• _Data segment_:
________
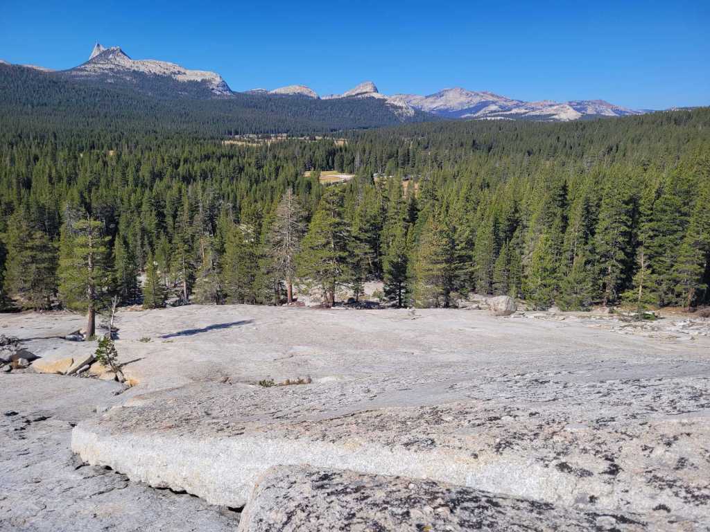 Got up early to grab a coffee, and headed up the last few miles in to Yosemite. Very quiet here, nobody around, since all the facilities got destroyed over a brutal winter and they are rebuilding for the next year or two. But, the granite cliffs and domes are still here. I climbed part way up Lembert Dome but of course I forgot water and sunscreen and — oh! — climbing gear, ’cause that’s just how I roll, and so I didn’t make it past the first bolt hanger. It was glinting at me in the sun, calling me higher on the cliff face, but it will have to be another time.
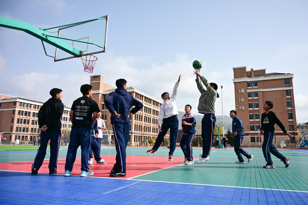 11月7日,在青海省西宁市果洛西宁民族中学,学生在打篮球。新华社记者 齐芷玥 摄
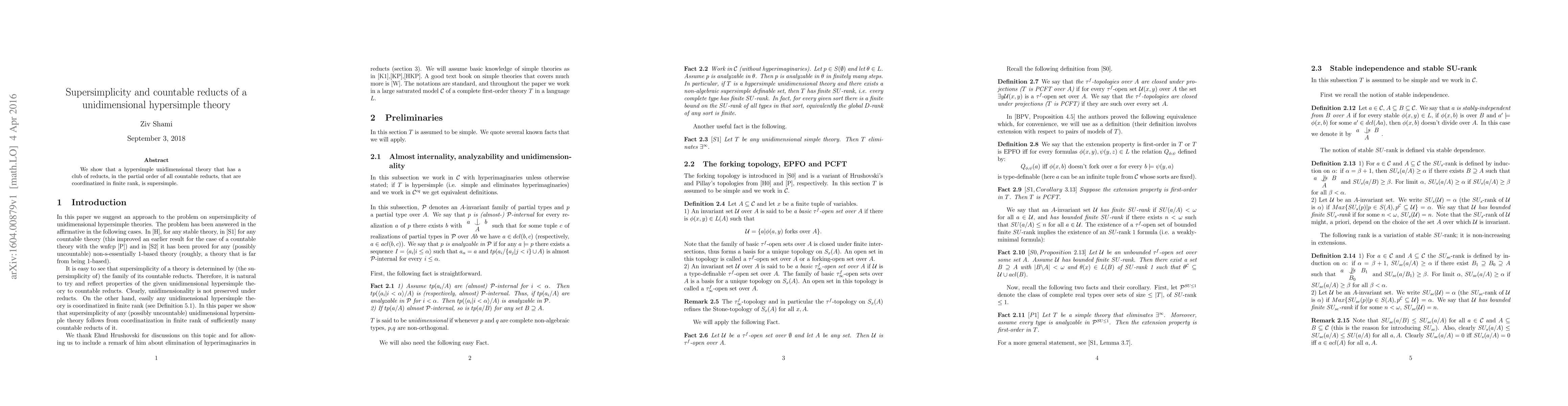Summary: This paper demonstrates that a unidimensional hypersimple theory possessing a club of countable reducts, which are coordinatized in finite rank, is classified as supersimple. The study explores the implications of such structural properties within the framework of countable reducts.
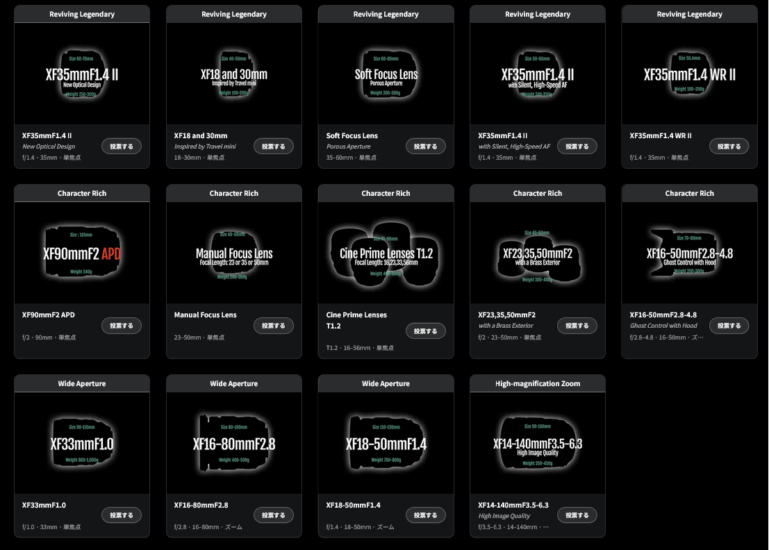 富士フイルムが「FOCUS ON GLASS」の中で構想段階のXマウントレンズを列挙。視聴者が気になるレンズを投票できるウェブページを公開しています。「XF35mmF1.4 II」「MFレンズ」「XF18-50mmF1.4」「真鍮外装 F2」など。
________
• _Work task_:
What you return should be the exact lines from the one containing "11月7日,在青海省西宁市果洛西宁民族中学,学生在打篮球。新华社记者 齐芷玥 摄" through the end of the listing above, both included, minus any pictures.

• _Completed exercise_:
 11月7日,在青海省西宁市果洛西宁民族中学,学生在打篮球。新华社记者 齐芷玥 摄
Summary: This paper demonstrates that a unidimensional hypersimple theory possessing a club of countable reducts, which are coordinatized in finite rank, is classified as supersimple. The study explores the implications of such structural properties within the framework of countable reducts.
 富士フイルムが「FOCUS ON GLASS」の中で構想段階のXマウントレンズを列挙。視聴者が気になるレンズを投票できるウェブページを公開しています。「XF35mmF1.4 II」「MFレンズ」「XF18-50mmF1.4」「真鍮外装 F2」など。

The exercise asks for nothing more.